Reindex API - Need to improve performance


The goal is to accelerate the reindex of indexes from an ELK cluster (version 7.6.2) composed of 3 nodes each with all the roles to a datastream in an ELK cluster (version 7.11) installed in a container system with a total of 11 nodes: 2 coordinators, 3 masters, 3 data_hot node, 3 noed data_warm

Some information about the indexes to be transferred: 189 indexes with 1 replica, a little bit more than 5 TB of data, 6 532 237 567 docs.

With the reindex function, I have already done several tests (changing the refresh interval, with / without replica, several reindexes in parallel to the same datastream, ...) and it works correctly but it takes time!
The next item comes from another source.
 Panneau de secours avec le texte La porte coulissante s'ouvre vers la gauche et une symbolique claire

Concretely to reindex 1 index of 30 Gb, 34 731 806 docs to a datastream without replica and with a refresh_interval equal to 300s it takes about 12h to realize the transfer.
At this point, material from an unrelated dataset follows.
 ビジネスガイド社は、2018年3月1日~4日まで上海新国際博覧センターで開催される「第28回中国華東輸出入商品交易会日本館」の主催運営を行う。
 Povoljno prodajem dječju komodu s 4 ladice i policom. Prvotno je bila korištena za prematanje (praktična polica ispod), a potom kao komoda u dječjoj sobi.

I am looking for ideas to improve the performance of this transfer.

Thanks in advance, :wink:

Welcome to our community! :smiley:

If you've done all of that so far and are unable to improve speeds, can you increase the size of your cluster?


Yes, I can increase the size of the cluster if really necessary, but since it's production, it has to be justified... :wink:
In addition, I forgot to mention this, but I need to re-index into an existing datastream that already contains production data. So I have to be careful what I do.